Friends of Friends (User 1): [4]
Shortest Path (1 -> 5): [1,3,4,5]

The Pure Pandas Solution:

The following approach uses Pandas without additional dependencies. It is suitable enough for small datasets where relationships are simple enough to compute in-memory.


import pandas as pd

# Friendship data
friendships = pd.DataFrame({
    "User A": [1, 1, 2, 3, 4],
    "User B": [2, 3, 3, 4, 5]
})

def find_friends_of_friends_pandas(df, user_id):
    # Find all direct friends
    direct_friends_a = df[df["User A"] == user_id]["User B"]
    direct_friends_b = df[df["User B"] == user_id]["User A"]
    direct_friends = pd.concat([direct_friends_a, direct_friends_b]).unique()

    # Find friends of those friends
    all_friends_of_friends = df[
        df["User A"].isin(direct_friends) | df["User B"].isin(direct_friends)
    ]

    # Extract all connections from the above DataFrame
    fof_a = all_friends_of_friends["User A"]
    fof_b = all_friends_of_friends["User B"]
    all_fofs = pd.concat([fof_a, fof_b]).unique()

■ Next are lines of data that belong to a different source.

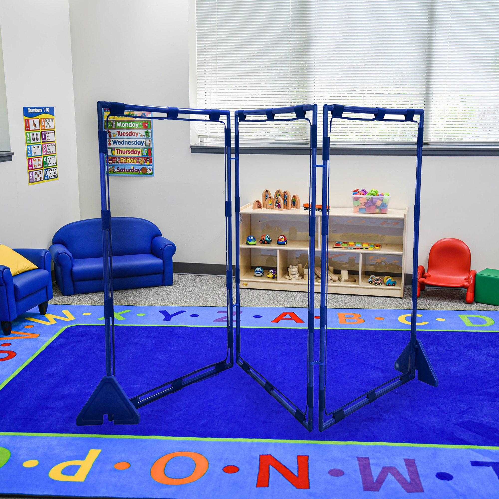 Customize your kids' learning space with the PlayPanel Room Dividers. Room dividing panels serve a variety of purposes such as separating activities or creating different work stations in your classroom. Using dividers encourages children to focus on the lesson or activity at hand without distractions. Each panel easily attaches to another with double claw clips. Three sets of double claw clips included. The easy to clean vinyl surface is stretched over durable, plastic, pipe frame. Weighted, cantilever legs connect to our PlayPanels to make them free-standing, stable room partitions. One pair of PlayPanel legs included.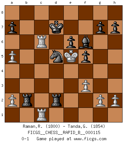 Last move : 0-1 2009 April 22 8:53:53 [Event "FICGS__CHESS__RAPID_B__000115"] [Site "FICGS"] [Date "2009.02.14"] [Round "1"] [White "Raman,Ranganathan"] [Black "Tanda,Giovanni"] [Result "0-1"] [WhiteElo "1800"] [BlackElo "1854"] 1.c4 c6 2.e4 d5 3.Qb3 dxe4 4.Nc3 Nf6 5.c5 Nbd7 6.Bc4 e6 7.d4 exd3 8.Na4 b5 9.Bxd3 bxa4 10.Qxa4 Nxc5 11.Qd1 Qxd3 12.Bd2 Qe4+ 13.Kf1 Ba6+ 14.Ne2 Rd8 15.f3 Qxe2+ 16.Qxe2 Bxe2+ 17.Kxe2 Be7 18.Ba5 Rd5 19.b4 Nb7 20.Rhc1 Kd7 21.Rc4 Nxa5 22.bxa5 Rb8 23.Rac1 Rb2+ 24.Ke3 R5d2 25.Rxc6 Nd5+ 26.Ke4 f5+ 27.Ke5 Bf6+ 0-1 English : Caro-Kann defensive system Player Black won this chess game. Follow this game move after move (download)The isolated Pawn casts gloom over the entire chessboard. (Aaron Nimzovich) Ich hatte Angst gegen einen russischen Großmeister zu verlieren, und er befürchtete gegen einen kleinen Jungen zu verlieren. (über ein Remis gegen Juri Awerbach). (Robert James Fischer) El Ajedrez es despiadado: debes de estar preparado para matar gente. (Nigel Short) Des combinaisons [dans le jeu d'échecs] pareilles à des mélodies. Je crois entendre pour ainsi dire la musique des coups... (Vladimir Nabokov) The various flowers seem good to different people. (Chinese proverb)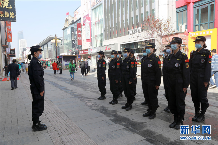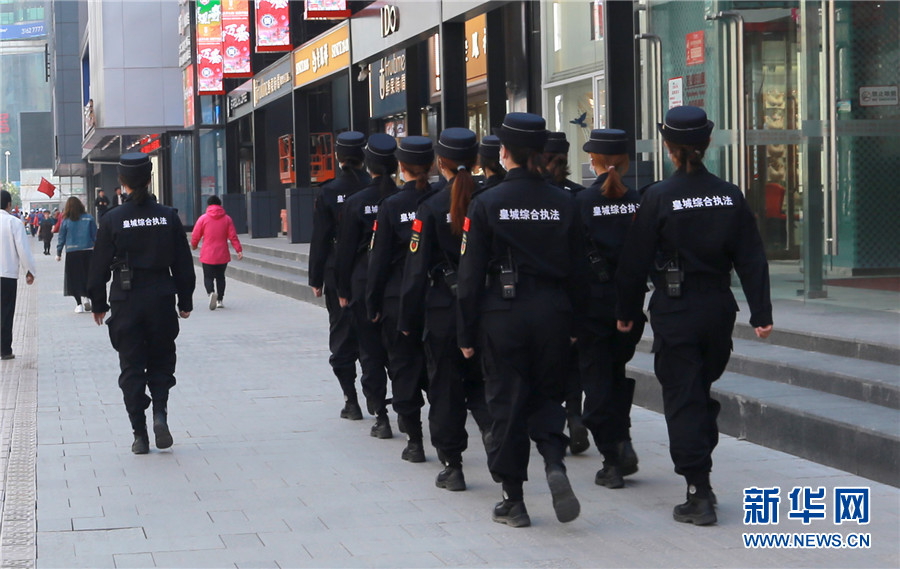 图为女子礼仪巡查特勤中队在中街巡逻。新华网刘舒摄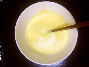 蛋黄分离出来,加入糖、牛奶、面粉搅拌均匀,蛋液就好了。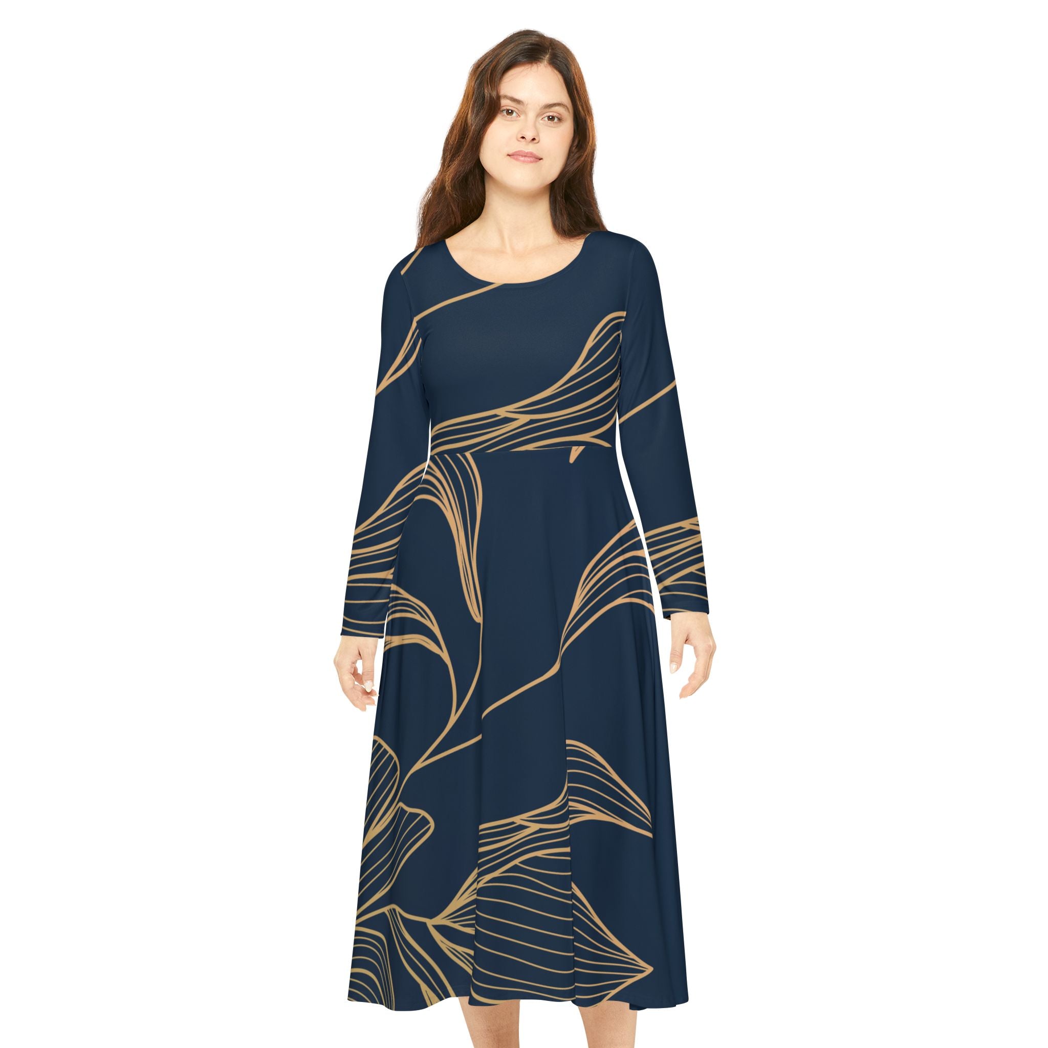 Elegant Long Sleeve Dance Dress with Floral Design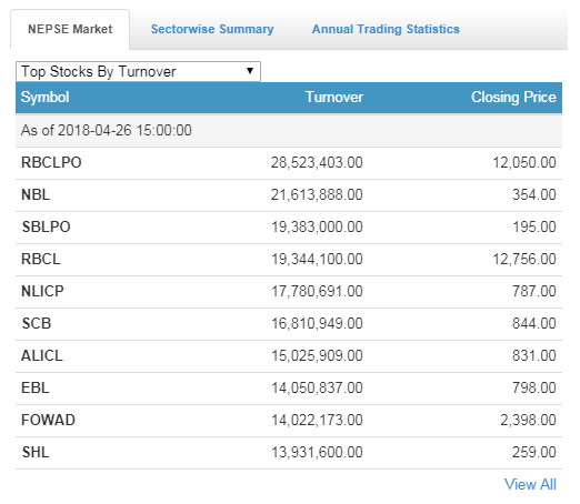 हेर्नुहोस् आज बढी कारोबार भएका कम्पनीहरुको विवरण :

    # Exclude the user themselves and their direct friends
    all_fofs = set(all_fofs) - set(direct_friends) - {user_id}
    return list(all_fofs)

def shortest_path_pandas(df, user_a, user_b):
    # Initialize the BFS queue with the start user
    queue = [(user_a, [user_a])]  # Each element is a tuple (current_user, path_so_far)
    visited = set()  # Track visited users to prevent infinite loops

    while queue:
        current_user, path = queue.pop(0)

        # If we've already visited this user, skip
        if current_user in visited:
            continue

        # Mark the current user as visited
        visited.add(current_user)

        # Find all direct friends of the current user
        direct_friends_a = df[df["User A"] == current_user]["User B"]
        direct_friends_b = df[df["User B"] == current_user]["User A"]
        direct_friends = pd.concat([direct_friends_a, direct_friends_b]).unique()

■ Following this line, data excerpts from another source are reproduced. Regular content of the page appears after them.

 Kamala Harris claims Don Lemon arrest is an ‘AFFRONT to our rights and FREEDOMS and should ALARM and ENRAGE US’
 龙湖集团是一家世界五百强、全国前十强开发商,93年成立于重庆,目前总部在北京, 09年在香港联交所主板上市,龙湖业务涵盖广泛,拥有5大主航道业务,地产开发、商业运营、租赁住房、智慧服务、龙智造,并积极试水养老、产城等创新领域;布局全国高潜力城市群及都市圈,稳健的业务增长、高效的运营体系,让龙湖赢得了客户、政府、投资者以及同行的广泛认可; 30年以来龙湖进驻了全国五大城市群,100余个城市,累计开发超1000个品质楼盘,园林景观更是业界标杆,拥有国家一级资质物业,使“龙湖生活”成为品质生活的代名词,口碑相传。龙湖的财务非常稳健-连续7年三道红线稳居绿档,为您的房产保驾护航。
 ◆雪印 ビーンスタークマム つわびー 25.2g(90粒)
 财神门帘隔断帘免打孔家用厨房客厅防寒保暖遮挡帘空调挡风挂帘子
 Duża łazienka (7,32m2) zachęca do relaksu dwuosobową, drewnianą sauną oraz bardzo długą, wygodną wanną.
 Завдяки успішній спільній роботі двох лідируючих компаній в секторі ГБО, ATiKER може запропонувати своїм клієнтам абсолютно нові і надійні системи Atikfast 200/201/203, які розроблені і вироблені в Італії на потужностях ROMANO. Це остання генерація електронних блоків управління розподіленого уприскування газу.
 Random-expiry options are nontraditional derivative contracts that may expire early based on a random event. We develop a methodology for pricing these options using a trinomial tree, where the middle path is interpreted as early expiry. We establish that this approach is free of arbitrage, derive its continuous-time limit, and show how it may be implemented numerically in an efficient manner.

        # Check if the target user is among the direct friends
        for friend in direct_friends:
            if friend == user_b:
                return path + [user_b]  # Return the full path if found
            # Otherwise, add this friend to the BFS queue for further exploration
            if friend not in visited:
                queue.append((friend, path + [friend]))

    # If no path is found, return None
    return None

# Example: Find friends of friends for user 1
print("Friends of Friends (User 1):", find_friends_of_friends_pandas(friendships, 1))

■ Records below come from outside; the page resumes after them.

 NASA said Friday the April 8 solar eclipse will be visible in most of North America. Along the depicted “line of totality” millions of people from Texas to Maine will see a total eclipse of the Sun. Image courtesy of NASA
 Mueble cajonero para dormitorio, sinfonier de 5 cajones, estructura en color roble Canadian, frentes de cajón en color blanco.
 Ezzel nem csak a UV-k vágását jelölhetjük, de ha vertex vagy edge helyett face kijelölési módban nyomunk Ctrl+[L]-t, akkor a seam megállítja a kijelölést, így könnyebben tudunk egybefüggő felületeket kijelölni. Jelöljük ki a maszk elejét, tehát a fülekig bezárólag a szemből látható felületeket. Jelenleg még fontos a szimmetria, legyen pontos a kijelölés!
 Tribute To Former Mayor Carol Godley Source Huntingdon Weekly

# Example: Find the shortest path between users 1 and 5
print("Shortest Path (1 -> 5):", shortest_path_pandas(friendships, 1, 5))

Result

Friends of Friends (User 1): [4]
Shortest Path (1 -> 5): [1,3,4,5]

Conclusion

In the pure Pandas solution, the shortest path implementation required manual BFS (breadth-first search) traversal, which would have been trivial in a graph-specific library like NetworkX or Neo4j. As the number of users and relationships grows, the BFS and the computation of friends of friends will become increasingly slow. This happens because Pandas does not internally optimize for graph traversal.

While it's possible to analyze graph-like data in Pandas, it becomes cumbersome and inefficient as the complexity of the problem (e.g., more relationships, larger networks) increases. A graph database or a specialized library like NetworkX directly supports graph structures and traversal algorithms, which makes it far easier to handle these types of problems. This is not a problem when working environments have a culture of "horses for courses", but if the culture is more "the answer is Pandas, what's the question?" there may be issues.

But this misses the main point - if the technology you use influences your mindset in framing analysis questions the whole point of the analysis comes into question. Are we asking high value questions or are we simply asking the questions that we always ask?